TASK TO COMPLETE >> Within the lines below, the span from the line with "Creëer een warme" to the line with "Fish and Wildlife", both ends included, is to be reproduced exactly, with pictures omitted.

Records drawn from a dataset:
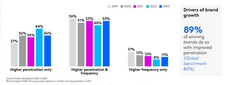 A remarkable 89% of all brands that grew in the last year did so by gaining penetration. In 2023, more than half (53%) of the brands that increased their CRPs in Asia combined greater penetration with increased purchase frequency. Improving penetration alone was successful for 36%, while only 11% grew by upping frequency.
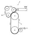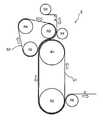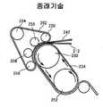 벨트 형상형 (234) 은, 상술한 특허 문헌 1 에 기재된 벨트 형상형 (103) 과 동일하게 하여, 스틸롤 (250, 252) 의 회전에 의해 스틸롤 (250) 및 스틸롤 (252) 주위를 회전 운동한다.     또, 벨트 (282) 는 상기와 같이 벨트 형상형 (234) 에 압압되고 있기 때문에 벨트 형상형 (234) 의 회전 운동에 맞춰 보조롤 (258) 주위를 회전 운동한다.The
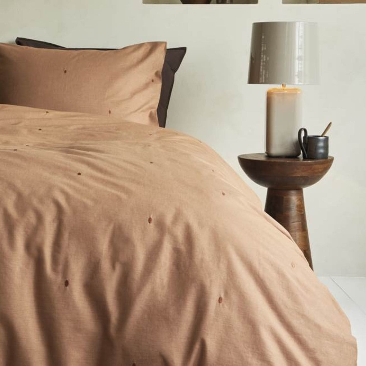 Creëer een warme en sfeervolle slaapkamer met het Beddinghouse Monsoon dekbedovertrek. De lichte terratint straalt rust en gezelligheid uit en helpt je iedere avond ontspannen. Het subtiele uni dessin wordt verrijkt door geborduurde stipjes, die zorgen voor een luxe uitstraling en het overtrek net dat beetje extra geven. Dankzij het minimalistische design past dit dekbedovertrek perfect in een Scandinavische of moderne slaapkamer.
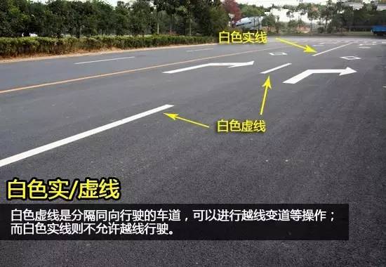 通常道路交通标线以白色居多,其中白色虚线是分隔同向行驶的车道,可以进行越线变道等操作;而白色实线则不允许越线行驶,常常作为白色虚线的延长线在交叉路口前出现,或是分隔路边的停车区域。
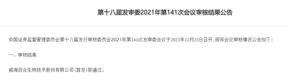 智通财经APP获悉,证监会12月23日公布第十八届发审委2021年第141次会议审核结果公告,威海百合生物技术股份有限公司(首发)获通过。
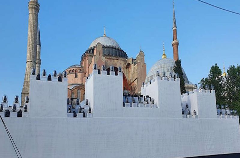 Απίστευτο τουρκικό σόου με ψεύτικο τείχος έξω από την Αγία Σοφία
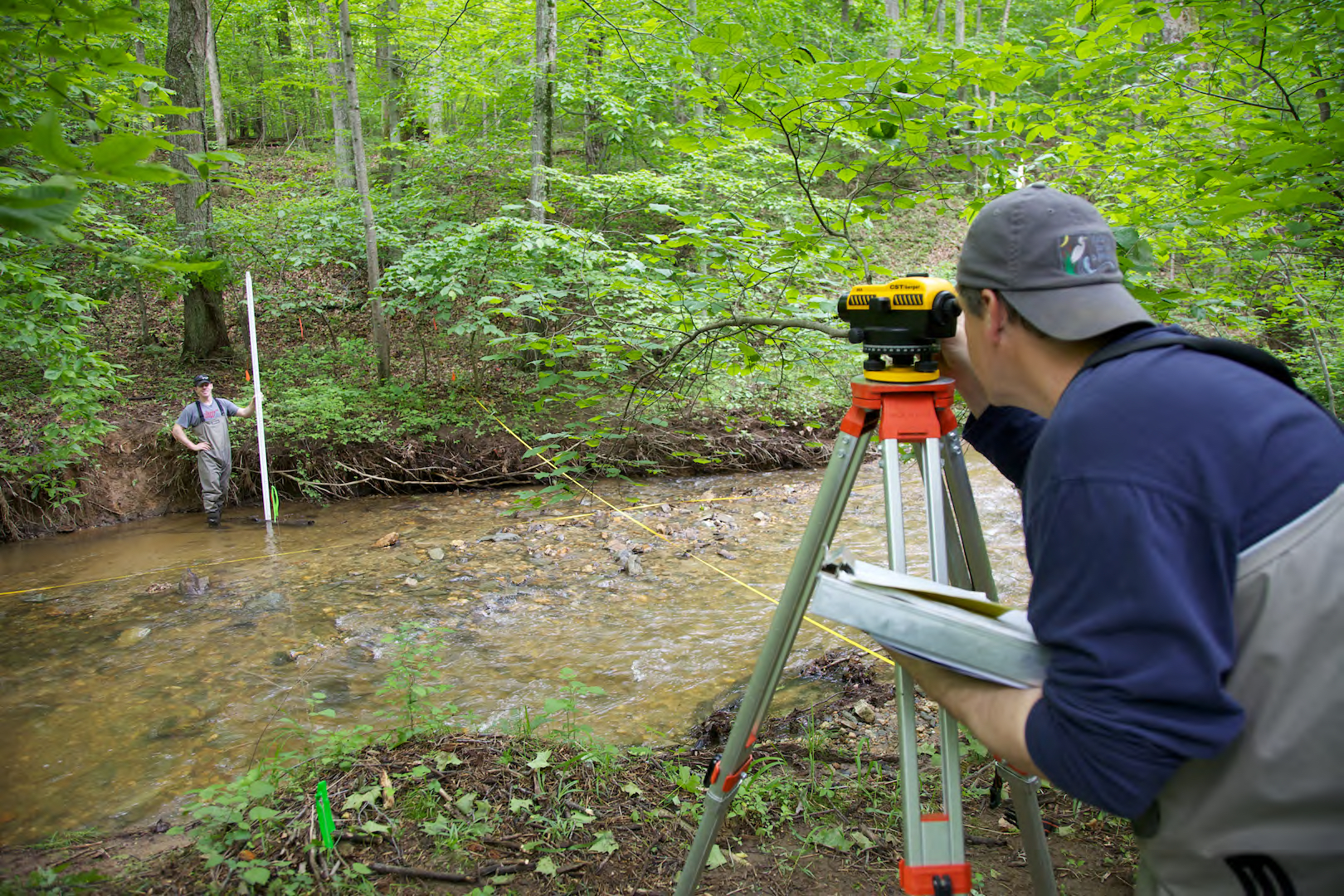 Fish and Wildlife Service employees surveying and assessing rivers and streams
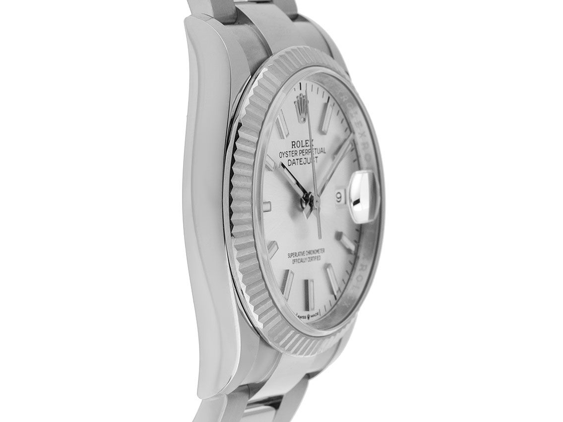 Gehäuse Edelstahl poliert und satiniert, Gehäusedurchmesser ohne Krone 36mm, Gehäusehöhe 11,7mm. Lünette 18kt Weißgold geriffelt und poliert. Armband Oyster Edelstahl poliert und satiniert, Faltschließe Edelstahl mit Hersteller-Logo. Zifferblatt silberfarben mit weißgoldenen Indexen und weißgoldenen Zeigern. Uhrwerk Automatik, Chronometer mit Zeugnis, Rolex Manufakturkaliber 3235 mit 31 Edelsteinen. Anzeige von Stunde, Minute und Sekunde über Zeiger aus der Mitte mit Sekundenstopp zur sekundengenauen Einstellung der Uhrzeit, Datumsanzeige mit Schnellverstellung unter Glaslupe bei 3 Uhr. Saphirglas kratzfest. Krone verschraubbar mit Hersteller-Logo. Boden Edelstahl verschraubt. Gewicht der Uhr inklusive Armband 127g, Länge des Armbandes inklusive Gehäuse 175mm. Referenznummer: 126234, Gehäusenummer: 83L8NXXX, ID: P2159175001225H-12800/9450, Artikelnummer: 10000084086. Mit Gangkontrolle und kompletter äußerlicher Aufarbeitung von Dezember 2025. Original Rolex Box mit Umkarton und Garantie Papiere von Juli 2021, neue Rolex Garantie Karte ohne Ländercode, Beschreibung, Ledermäppchen, Rolex Chronometer-Siegel und Watchregister Auszug von Dezember 2025, The Watch Register Zertifikat / ohne Eintrag (Internationale Datenbank für verlorene oder gestohlene Uhren), inkl. Erstkaufrechnung und Vita von Juli 2025, Full Set. Kapitalanlage mit Wertsteigerungspotential, wie Neu. Lieferzeit sofort.
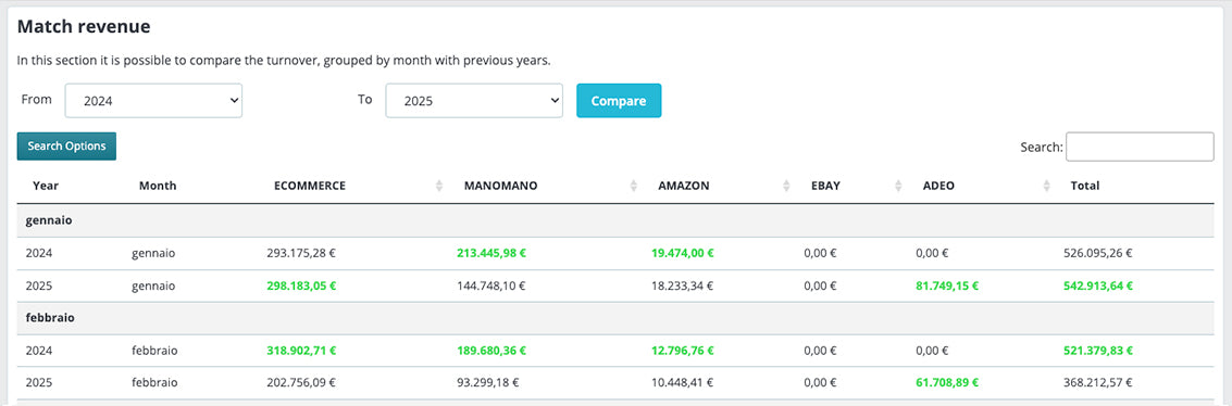 Monitora e confronta il reddito generato sui vari marketplace in cui operi. Questo strumento di analisi ti permette di valutare l'efficacia delle tue strategie di vendita su differenti piattaforme, facilitando decisioni basate su dati per massimizzare i profitti.
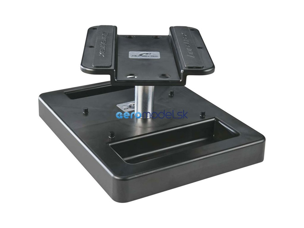 Duratrax Stojánek na auto Pit Tech Deluxe černý pro servis aut 1:8. Pryžové podložky na deskách stojánku drží šasí na podložce, robustní stojan lze snadno demontovat a úsporně uložit. Vrchní deska je otočná, užitečná pomůcka při servisu modelu auta. Plastová základna a podložka. Duralová stojka.
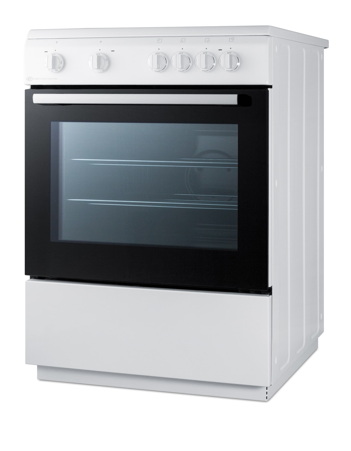 The Summit Classic Collection features deluxe appliances designed to bring modern luxury into the home.Made in Europe, the CLRE24WH is a 24" wide 220V electric range with a smooth Schott ceramic glass surface for safer heating with easy cleanup. Two 7.5" burners and two 6" burners accommodate a variety of cookware sizes. All push-to-turn cooking controls are located upfront, eliminating the danger of reaching across the cooktop surface. Indicator lights illuminate when the burners and oven are on for added kitchen safety. This unit features a 'slide-in' look without a backguard, ideal for integrating the stove into your own wall or backsplash design.The large oven window provides a full view of your cooking, with an interior light that automatically turns on with the oven. The oven door is constructed from sleek black glass for a modern look, with a clean white finish on the cabinet, storage drawer, and manifold. Inside, the 2.4 cu.ft. interior includes two sliding wire racks with five positions to let you fit various dish sizes. Cooking settings include a low and high broil option, as well as a bottom heat function ideal for certain applications. This unit's accessible design meets ADA guidelines. With its elegant design and user-friendly features, the CLRE24WH makes a stunning addition to any home kitchen.
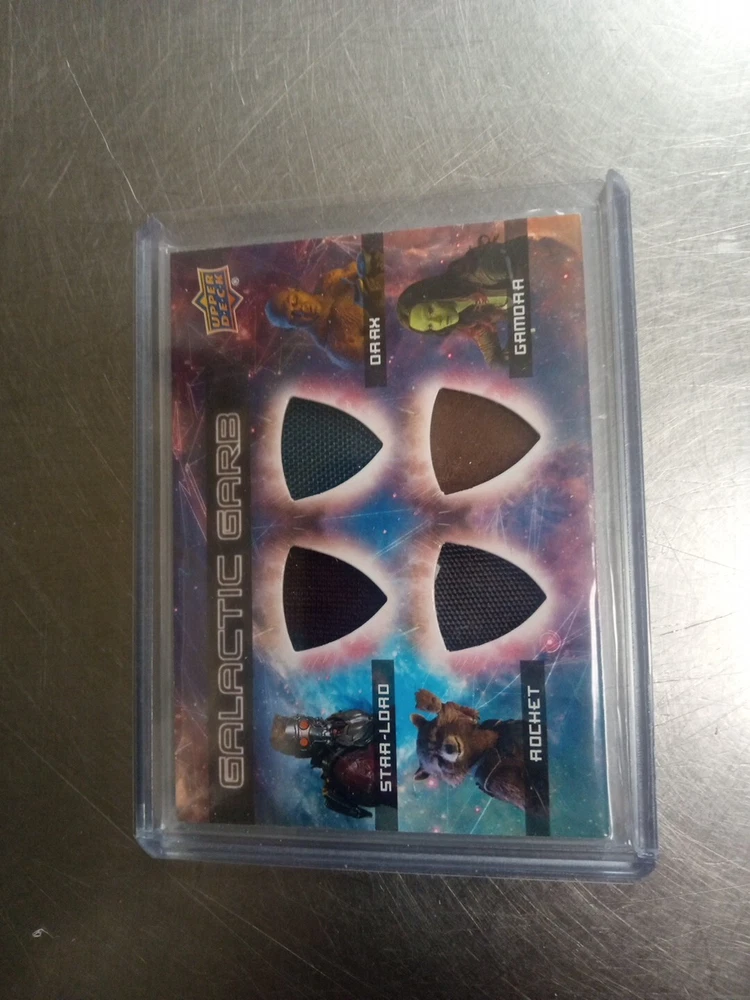 This is the same lot for the exact item shown in photos for personal grading. Please! Let me know if you have any questions or want more photos. In this lot- 2017 Marvel Guardians of the Galaxy - Galactic Garb QM-5 -- VERY RARE! Features Costume Patches from: Drax Starlord Gamora Rocket Raccoon High rated eBay seller, I take pride in safety shipping through USPS.
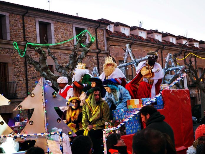 Por la tarde, a las 17 horas y 50 minutos llegaban de nuevo a la ciudad, pero esta vez en el tren, procedentes de Baides, a la estación de Sigüenza. Decenas de niños y niñas los que acudieron a recibirlos y a presenciar como subían en la carroza que para ellos había preparado el Ayuntamiento y las AMPAS de los colegios. A diferencia del año pasado, y a pesar del frío que cayó a plomo sobre Sigüenza cuando se puso el sol, no hubo ni una sola nube en el cielo, por lo que el recorrido se pudo completar en su totalidad. Malabaristas y zancudos han acompañado a los Reyes Magos en su recorrido, que comenzaba en la calle Alfonso VI. Tampoco ha faltado este año la música de la Banda de Cornetas y Tambores de la Cofradía de la Vera Cruz y del Santo Sepulcro de Sigüenza que, año tras año mejora y amplía su repertorio, como han demostrado hoy en una Cabalgata que hizo llover caramelos y confeti por las calles de Sigüenza.
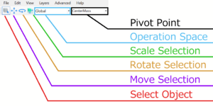 SALVL uses a feature called a Transform Handle for manipulating the selected stage objects. The transform handle resides in the 3D viewport and is directly manipulated by the mouse, using a click and drag action.
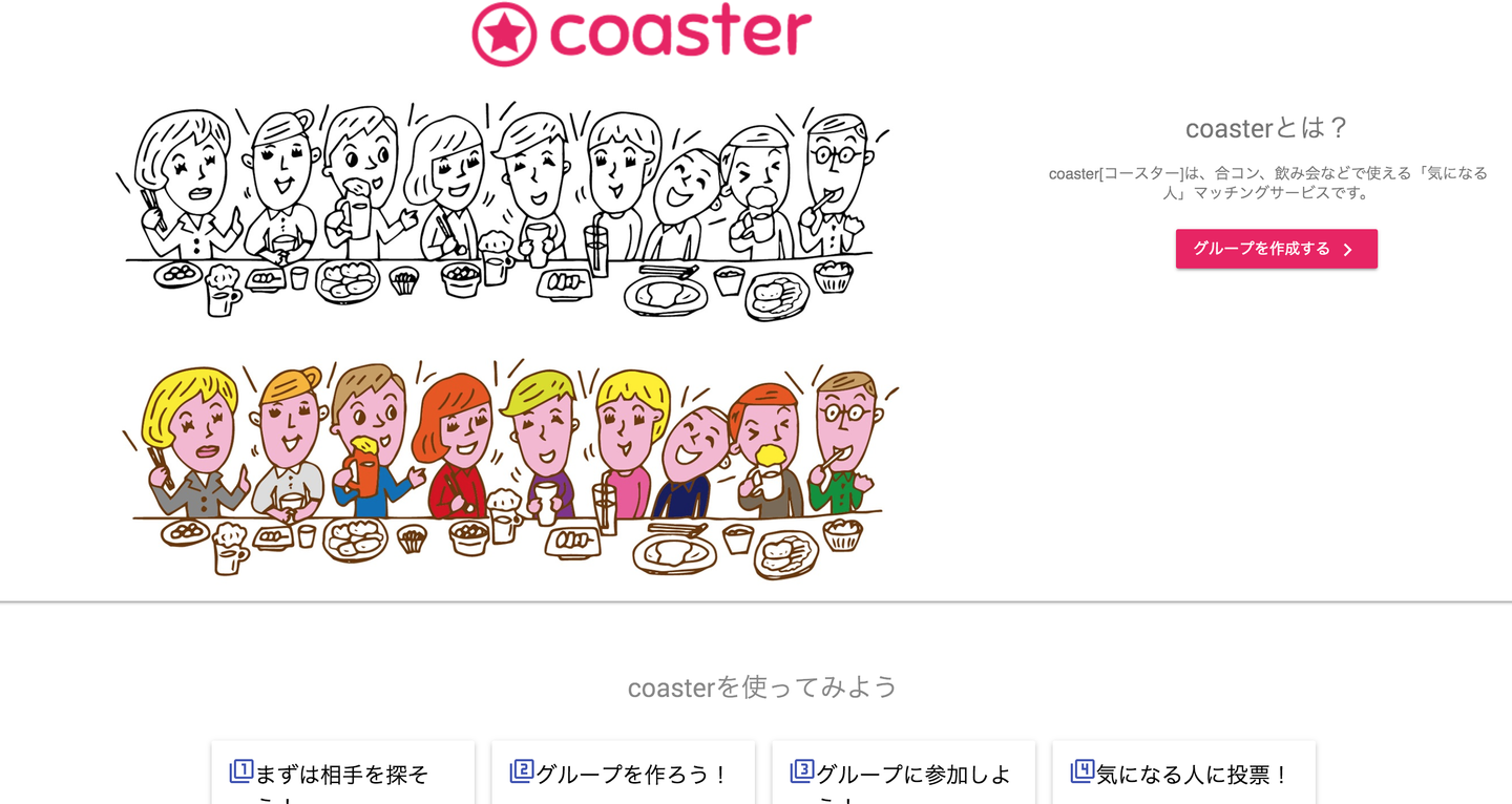 --- 前に見せてもらったプライベートで作った合コンでのマッチングサービス「coaster」もいいですよね

EXERCISE RESULT >>
 Creëer een warme en sfeervolle slaapkamer met het Beddinghouse Monsoon dekbedovertrek. De lichte terratint straalt rust en gezelligheid uit en helpt je iedere avond ontspannen. Het subtiele uni dessin wordt verrijkt door geborduurde stipjes, die zorgen voor een luxe uitstraling en het overtrek net dat beetje extra geven. Dankzij het minimalistische design past dit dekbedovertrek perfect in een Scandinavische of moderne slaapkamer.
 通常道路交通标线以白色居多,其中白色虚线是分隔同向行驶的车道,可以进行越线变道等操作;而白色实线则不允许越线行驶,常常作为白色虚线的延长线在交叉路口前出现,或是分隔路边的停车区域。
 智通财经APP获悉,证监会12月23日公布第十八届发审委2021年第141次会议审核结果公告,威海百合生物技术股份有限公司(首发)获通过。
 Απίστευτο τουρκικό σόου με ψεύτικο τείχος έξω από την Αγία Σοφία
 Fish and Wildlife Service employees surveying and assessing rivers and streams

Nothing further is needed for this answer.